For the first time in Kenya, those who generate power for their own use but also have a connection to the national electricity grid can now sell their excess generation to the entire country through a concept known as net metering.
A system that allows consumers who produce their own energy to supply electricity to the national grid during times of overproduction and receive compensation for the energy sent.
The scheme became a reality in June when then-Energy and Petroleum Minister Davis Chirchir issued the Energy (Net Metering) Regulations 2024, ending years of delays in enacting the regulations.
How does net metering work?
Net metering is simply a new way for people to store their excess electricity in their country’s electricity grid instead of buying expensive battery systems.
For example, if a residential customer has a solar system on their roof, that system may generate more electricity than the home uses during the day. If the home uses net metering, the meter will work in reverse to provide credit for electricity used at night or during other times when the home’s electricity usage exceeds the system’s output.
In this arrangement, customers are only billed for their “net” energy usage.
Who can benefit from net metering?
Any energy consumer who is connected to the grid and also generates energy for his own use can apply for net metering.
However, they can only qualify if they generate electricity from renewable sources such as solar, small hydro, and wind power.
If you are a single-phase residential consumer, the capacity limit for your net metering connection is 4kW. For three-phase consumers, the limit is 10kW. Meanwhile, commercial and industrial consumers can supply up to 1MW to the grid through the scheme.
How do you apply for net metering?
A person intending to enter into a net metering agreement shall apply to Kenya Power or the relevant retailer. Upon approval, the consumer shall enter into a net metering agreement and install and commission the meter within six months from the date of the agreement.
The consumer is responsible for installing, operating and connecting the meter to the Kenya Power Company network at his own expense. The net metering license will be valid for 5 years.
On what basis will applications be approved?

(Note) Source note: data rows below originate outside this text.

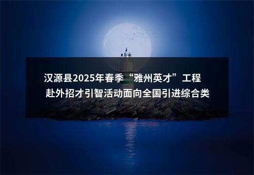为加强我县人才队伍建设,优化人才队伍结构,助力汉源经济社会高质量发展,经研究,拟开展我县2025年春季“雅州英才”工程赴外招才引智活动,引进一批综合类、教育类高层次和急需紧缺人才到汉工作。现将有关事项公告如下:
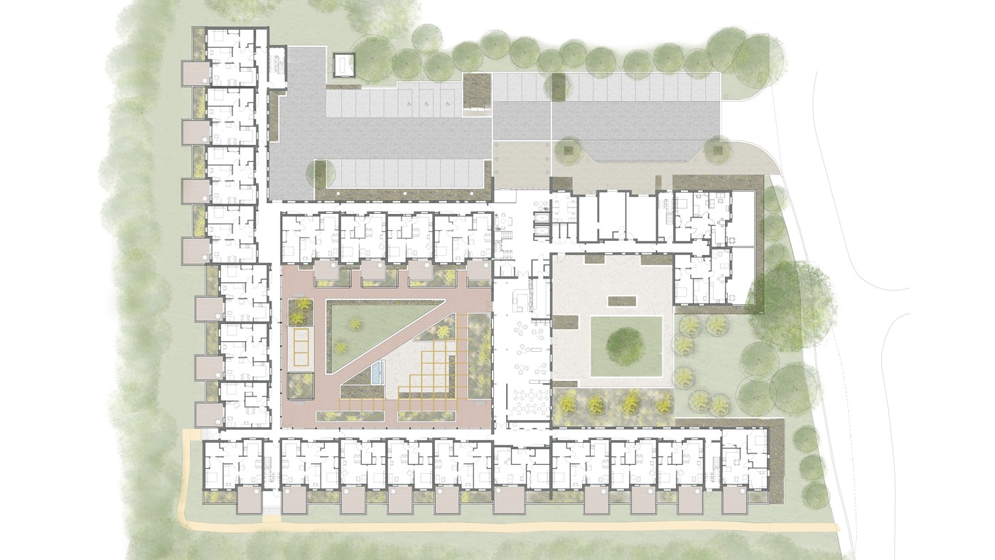 60 apartments, split into 40 two-bed and 20 one-bed homes, are arranged around two landscaped courtyards and set within existing mature trees, affording all residents a strong connection to nature. The external space serves multiple purposes as a place to gather, exercise and relax by including gym equipment, a variety of seating options, raised planting beds and a gently rippling water feature.
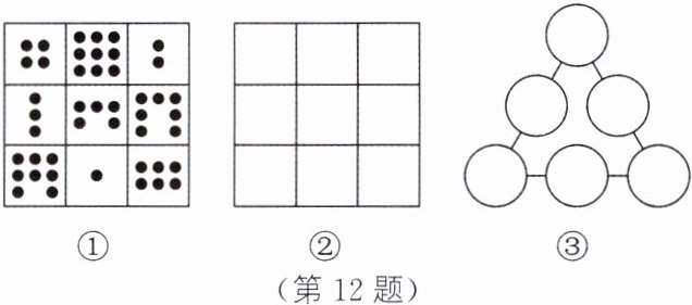12. 有人建议向火星发射如图①所示的图案,它叫作幻方,其中9个格中的点数分别是1,2,3,4,5,6,7,8,9.每一横行、每一竖列及两条斜对角线上的点数的和都相同.如果火星上有智慧生物存在,那么他们可以通过这种“数学语言”了解到地球上也有智慧生物(人).
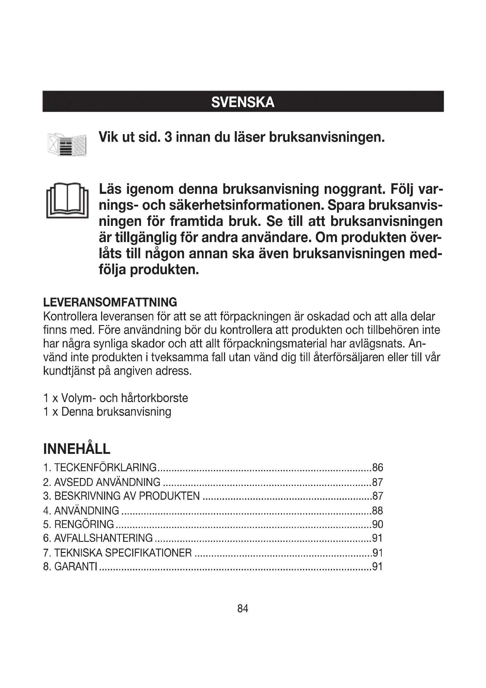 låts till någon annan ska även bruksanvisningen med- följa produkten. Vik ut sid. 3 innan du läser bruksanvisningen. INNEHÅLL LEVERANSOMFATTNING Kontrollera leveransen för att se att förpackningen är oskadad och att alla delar finns med. Före användning bör du kontrollera att produkten och tillbehören inte har några synliga skador och att allt förpackningsmaterial har avlägsnats. An- vänd inte produkten i tveksamma fall utan vänd dig till återförsäljaren eller till vår kundtjänst på angiven adress. 1 x Volym- och hårtorkborste 1 x Denna bruksanvisning

Net metering applications will be granted on a first come, first served basis. The Energy and Petroleum Regulatory Authority (EPRA) will only license a total capacity of 100MW in the first five years of the net metering scheme. This means that once approved applications reach a total capacity of 100MW, EPRA will stop issuing new net metering licenses.
Will you be paid cash for providing energy to the grid?

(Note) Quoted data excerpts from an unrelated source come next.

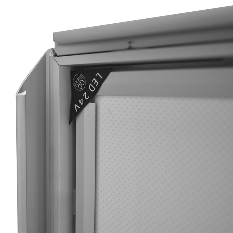 Caja de luz ideal para exponer imágenes o información en supermercados, bancos, tiendas, hoteles, y más. Es una estructura de marco con perfiles abatible, panel guía para dar uniformidad a la luz sobre el cual se coloca el gráfico en papel backlit, y se cubre con panel de acrílico frontal sostenido por los perfiles. Tiene opción de orientación vertical u horizontal.
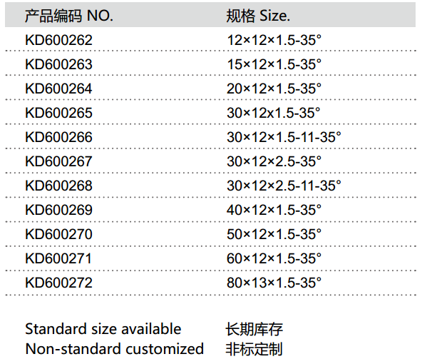 | Model Number | 40*12*1.5-35° |
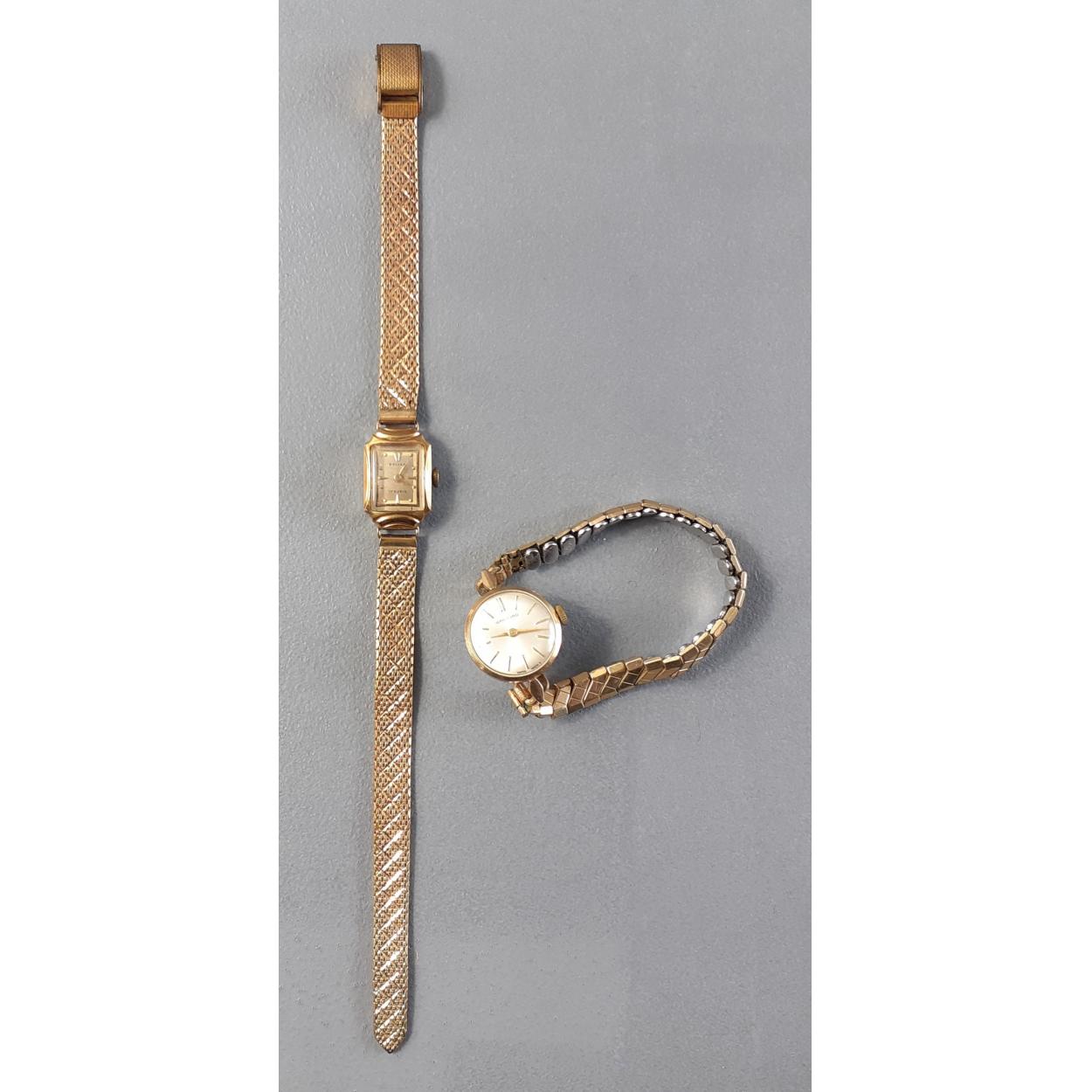 Two vintage cocktail watches. One case top stamped 585. The circular one Garrard case stamped 375. Straps not gold.

No. Kenya Power will not pay consumers for the power they purchase from them under the net metering scheme. Instead, it will give consumers a supply credit of half the cost at which consumers purchase electricity from Kenya Power.
For example, if Kenya Power sells a unit of electricity to a consumer at Sh32, the company will give the consumer a credit of Sh16 for each unit it supplies to the grid.
This credit will be used to settle any future bills that the consumer may incur in the future. However, the credits expire at the end of Kenya Power’s financial year on 30th June of each year.
At the same time, consumers are entitled to receive the value of any carbon credits accrued from net metering systems.
Which countries have implemented net metering?
Net metering is already being implemented in a number of countries around the world, while other countries have already put in place the necessary legislation to implement the system.
High-income countries that have implemented net metering are Barbados, Belgium, Denmark, Italy, Malta and Chile. Upper-middle-income countries that have implemented net metering are Brazil, Dominican Republic, Jordan and Tunisia.
Among lower-middle-income countries, Guatemala, Pakistan, the Philippines and Sri Lanka are among those implementing net metering, while Ghana, Kenya and Senegal are among those piloting and establishing the system.